In this instance, the customer replaced the processor and afterwards the system was stable.

Comments

  • Anonymous
    June 30, 2011
    I've seen this type of nonsensical behavior on overclocked systems. If it was overclocked then what the user has done is probably just replaced one CPU for another that has slightly better margin over its rated speed. [In this scenario the server was produced by a big name in the server hardware business, most likely the BIOS doesn't allow for overclocking.  However, the real cause of hardware malfunctions when overclocking is heat and it is certainly possible that when replacing the processor they also cleaned the dust out of the heat sinks.]

  • Anonymous
    June 30, 2011
    Reat post!

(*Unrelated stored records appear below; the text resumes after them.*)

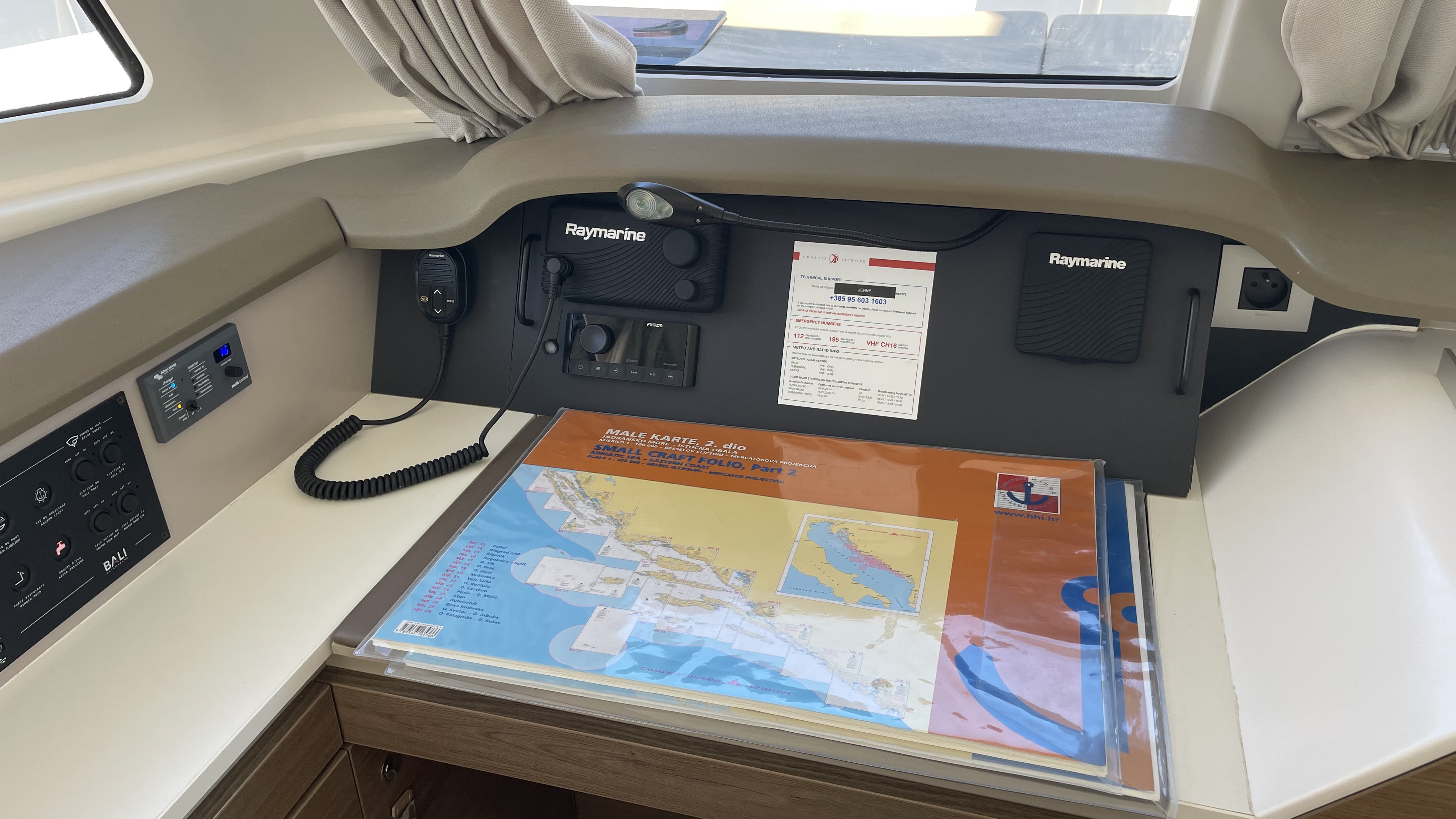 | Navigation | GPS mit Kartenplotter im Cockpit, Hafenhandbücher, Seekarten, Tridata (Log, Echolot, Windm.) |
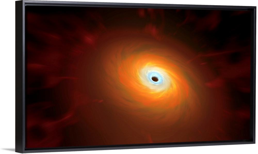<p>Black hole, illustration. A black hole is an object (usually a collapsed star) so compact that nothing can escape its gravitational pull. Not even light. On Earth an object needs to be launched with a speed of 11 kilometres per second if it is to escape the planet's gravity and go into orbit. But the escape velocity of a black hole exceeds the speed of light. Since nothing can travel faster than this ultimate speed, black holes suck in everything including light, which make them utterly dark and invisible. In this image, we can see a black hole, but only because it is surrounded by a superheated disc of material, an accretion disc. The closer to the hole the material gets, the more and more of its light is captured, which is why the hole grows darker towards its centre.</p>
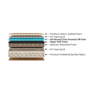 Premium Velour Quilted Fabric + PU Foam Quilt + 3 Zone Pnuematic HR Foam + Backcare Rebonded Foam + PU Foam Quilt+ Premium Knitted & Quilted Fabric
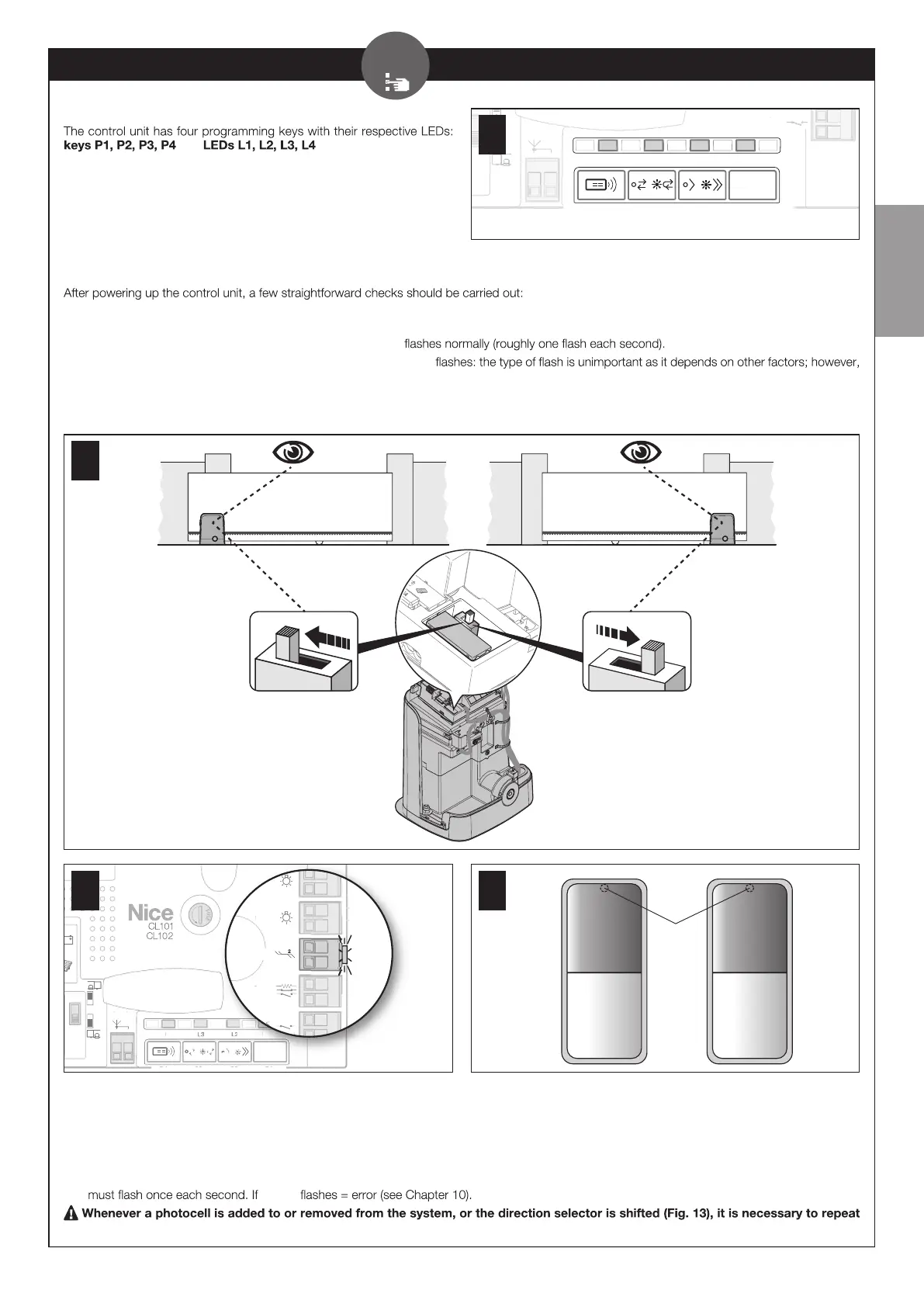 01. Depending on the gearmotor’s installation position ( to the right or left of the gate), shift the selector as shown in Fig. 13 to determine the gate’s
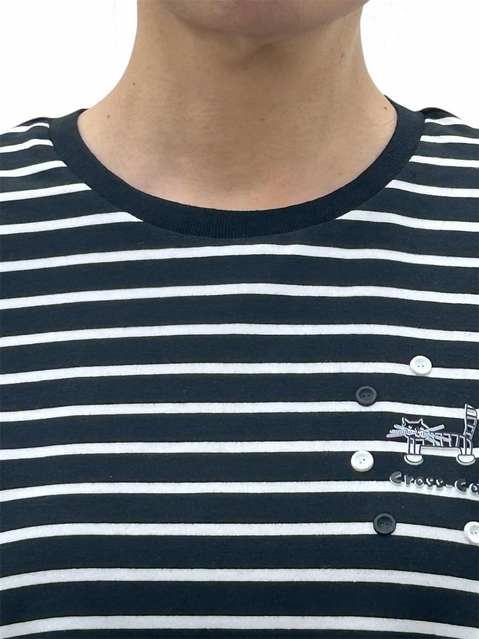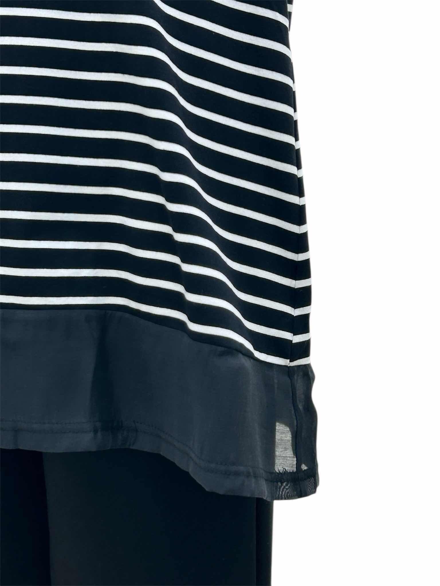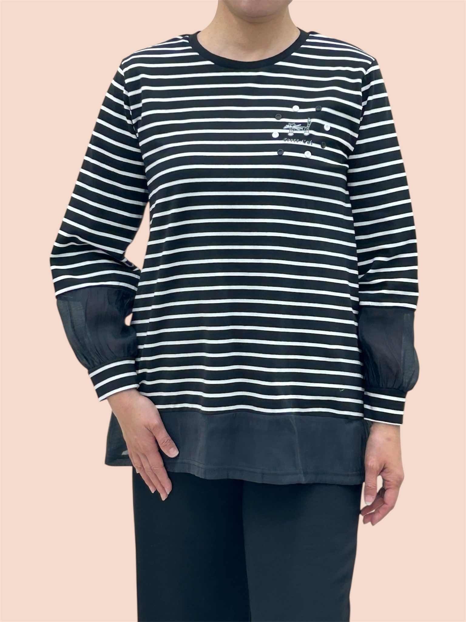 袖口と裾をシアー素材に切り替えることで、重くなりがちなボーダーに抜け感をプラス。
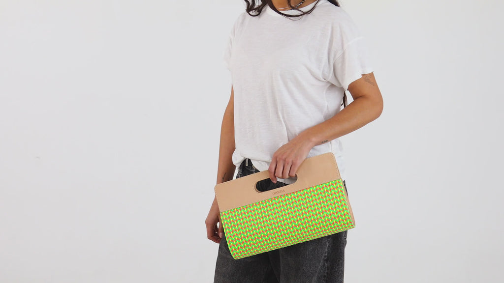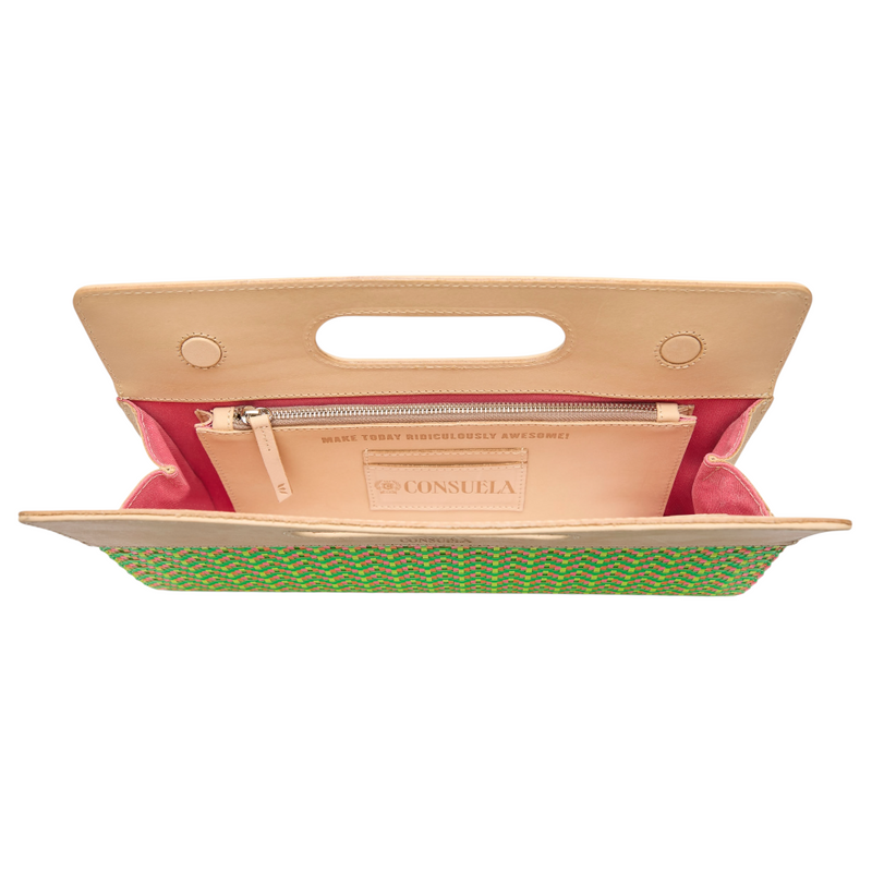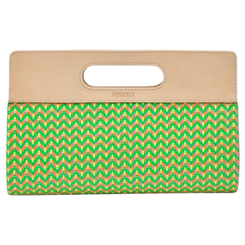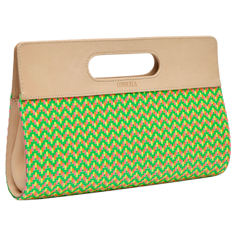Supercharge your day with our newest clutch! This Diego leather-trimmed, hand-held clutch has plenty of storage for a bold and chic style.
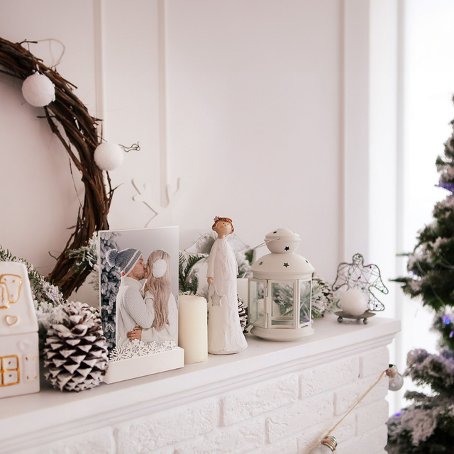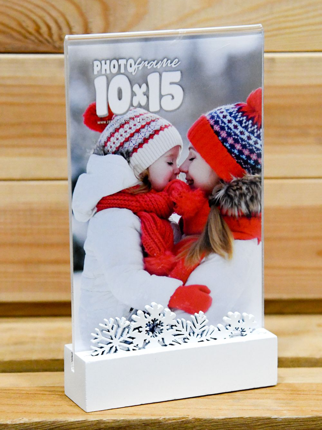 Cornice Dobiacco Vertical in acrilico, finitura trasparente, base in legno colore bianco, con decoro a forma di fiocchi di neve a rilievo, da tavolo, per 2 foto fronte e retro, a tema natalizio, idea regalo originale, addobbo natalizio, regalo personalizzato.
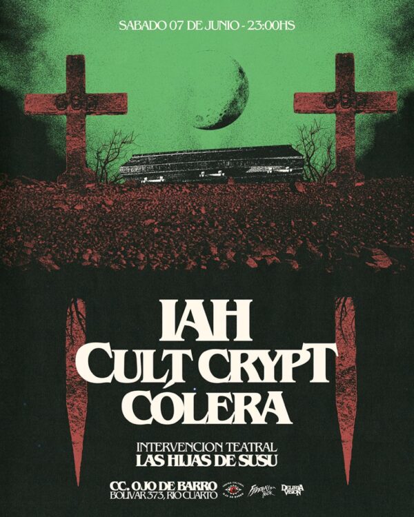 El sábado 7 de junio desde las 23hs., con entrada anticipada a $6000, se presentan las bandas IAH, Cult Crypt y Cólera. Intervención teatral de Las Hijas de Susú.
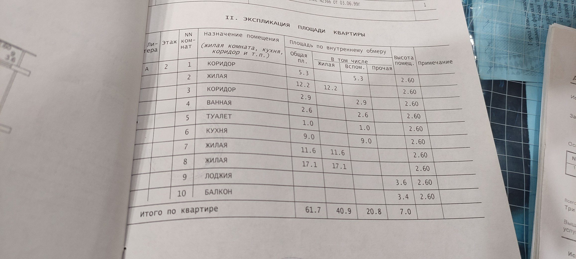 Общая площадь 61.7 м2
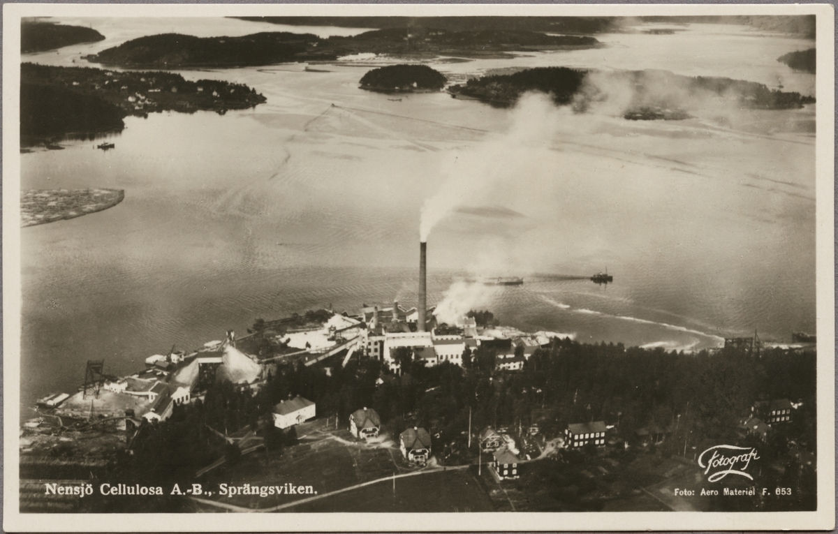 Titel: Flygvy över Nänsjö fabriksområde vid Ångermanälven.
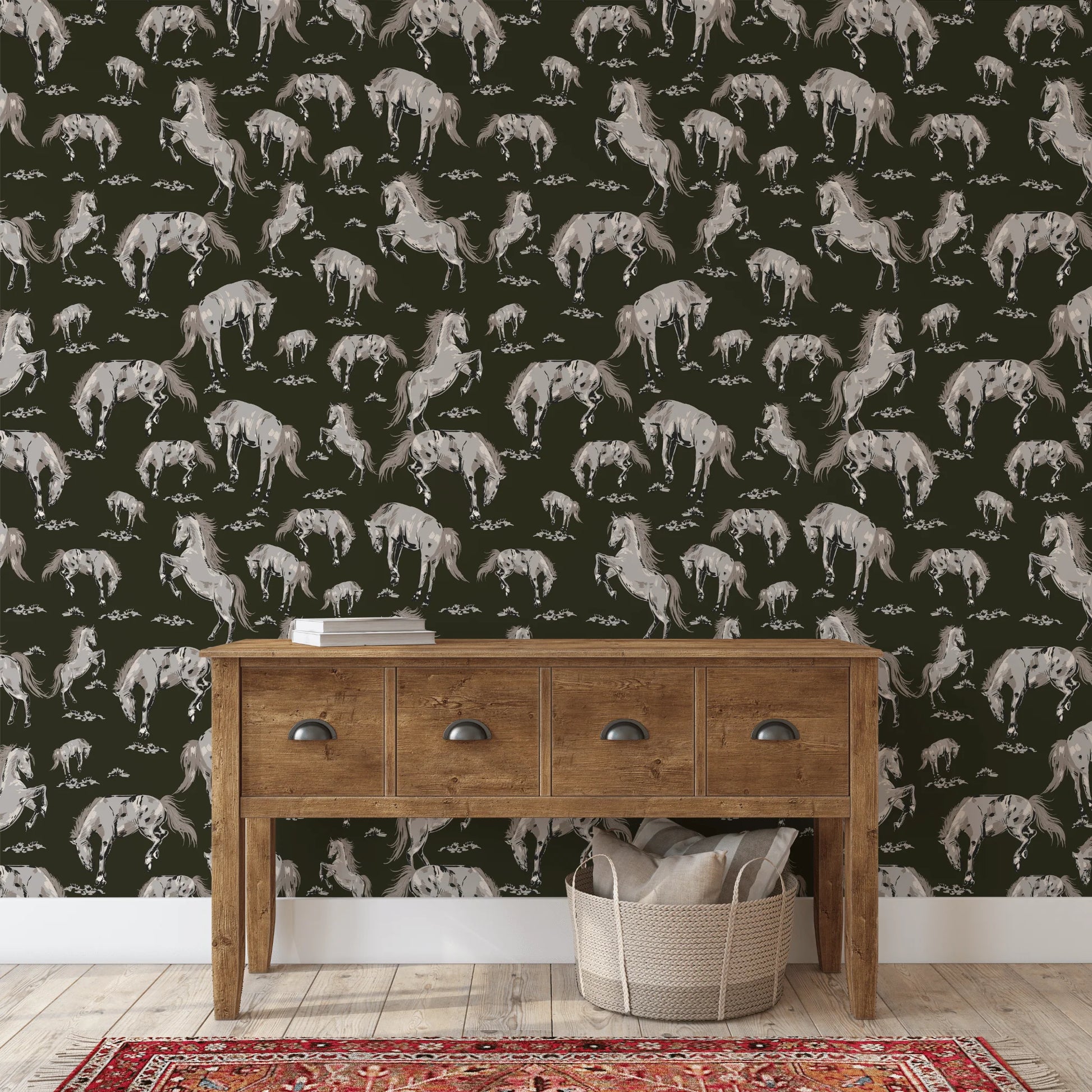 Transform your space with our Wild Stallion Wallpaper, a moody Western-style design that brings the spirit of untamed horses to your walls. This intricate pattern of this peel and stick removable wallpaper features elegant stallions in various poses, adds a touch of rustic charm and bold character to any room. Perfect for living spaces, entryways, or bedrooms, this wallpaper evokes the essence of the West with a modern twist.

It feels real solid, I like your way of color-coding the adresses, which makes it easier to follow. Txs. [Thanks for the feedback.  We'll keep this color coding scheme in mind when editing other posts.]

  • Anonymous
    July 04, 2011
    The comment has been removed

  • Anonymous
    August 24, 2011
    Fantastic example of identifying a hardware fault.  I also agree that the color-coding was helpful in following along. Got to love it when a processor fails.  If you can't trust the CPU, who can you trust? :)

  • Anonymous
    February 22, 2013
    You should look at several crash dumps. If the stack trace is always same, it's likely a driver bug. Different stack trace in every dump is a sign of hardware failure, but can be a software bug (e.g. use after free) too. [There are many possible causes for a bugcheck that changes with each crash.  The most common reason for getting a different stack trace in every dump is memory corruption, where a driver writes to memory it does not own.  This type of corruption is purely a software problem, and changing hardware will not eliminate it.  On the other hand I have seen hardware malfunctions that manifest themselves the same way each time, and generate a nearly identical stack in every crash.]